It’s been a Tim Winton sort of week -the man of the muted Hawaiian
tea shirt, sand swept shorts and tied back pony tail- master of
the Australian language and psychic of the landscape.
'For while Perth had bulldozed its past and burried its doubts in bluster, Fremantle nursed its grievances and scratched its arse'
Tim is God- literally- omnipresent at the moment.

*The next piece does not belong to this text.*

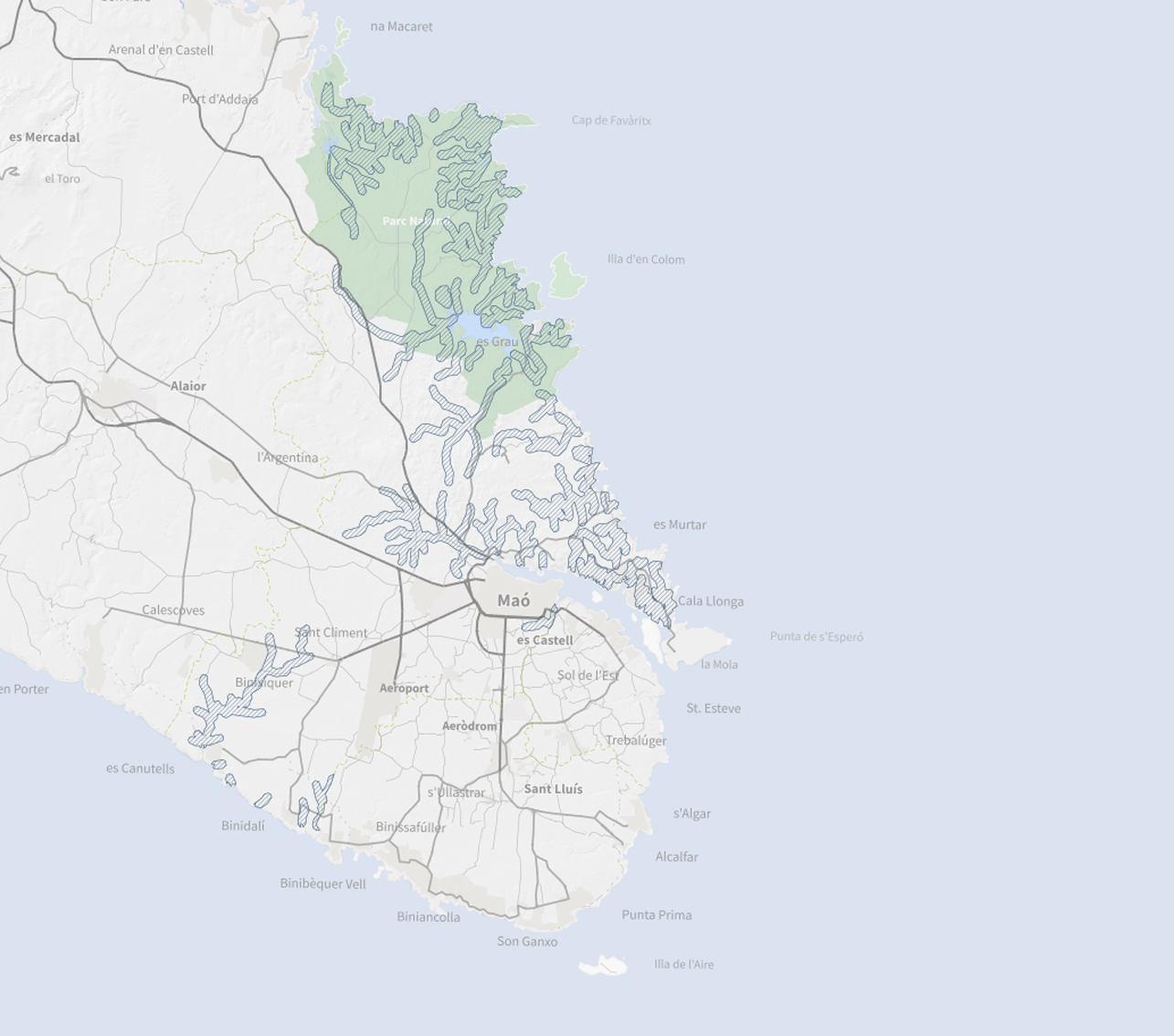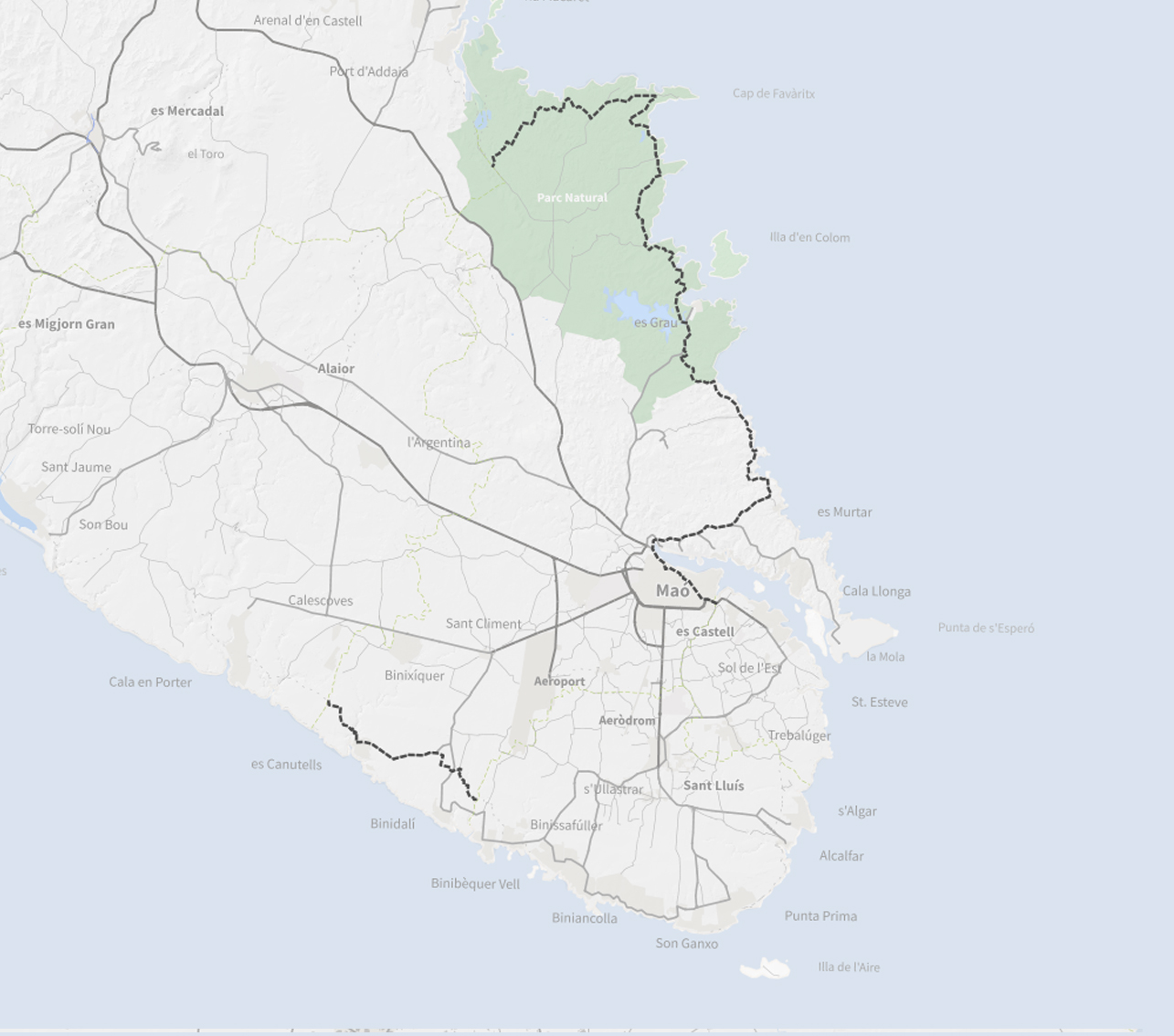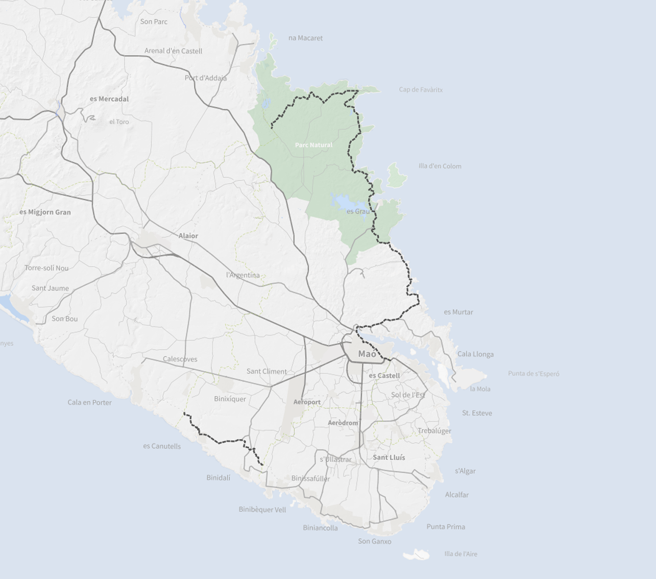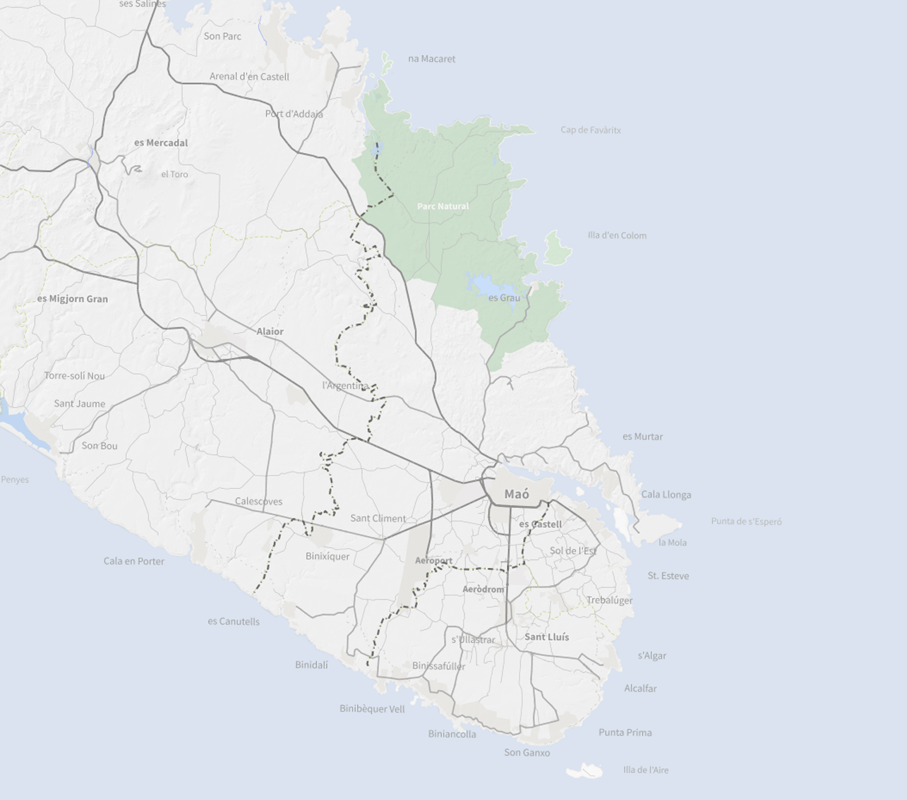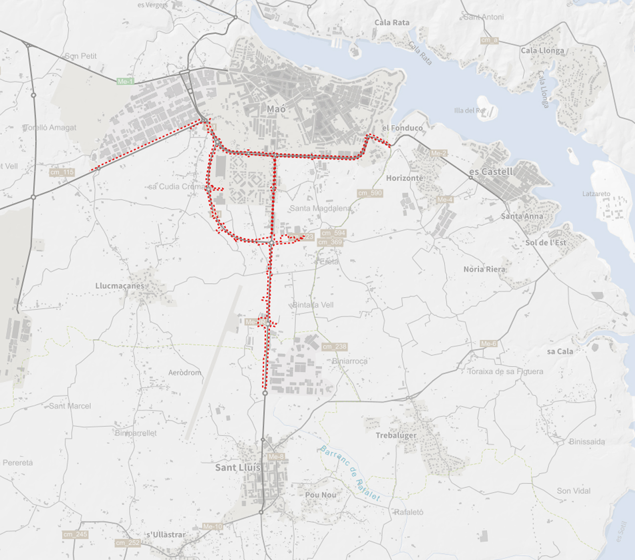 Domini Públic de Carreteres. Aquesta capa correspon a la sèrie "Ordenació del Sòl Rústic" del Pla General d'Ordenació Urbana de Maó. Cada sèrie es representa amb una simbologia diferent.

He’s been on my bedside table; on telly; in The Big Issue; on the stage; in
my weekend magazine; across the screen; and talking to a middle aged, middle class melange at the ANU last week
where the theatre booked out and he was beamed like Scotty into the adjoining
spaces.
Someone asks him if he keeps notes or a diary and he responds
that he ‘sort of does’. I’ve seen what a writer’s notes look like: scraps of
paper torn off the ends of monthly bills and junk mail fliers with snippets of
observations, crumpled and crinkled and poking between brick stacks of
newspapers and sniffed and thumbed magazines – a mind map in chaos.
I’ve had Eyrie
since the day it was released, but I have been resisting the temptation to open
the pages as I want the ‘time to be right” – the time when I can put everything
else aside and just read from cover to cover, immersed again in a world drawn
by a master craftsman with his pencil and paper manuscript.
The Turning is
playing at the Nishi building with it’s challenge to completeness – fitting
given Tim’s reply that he doesn’t need a story to have a nicely tied ending.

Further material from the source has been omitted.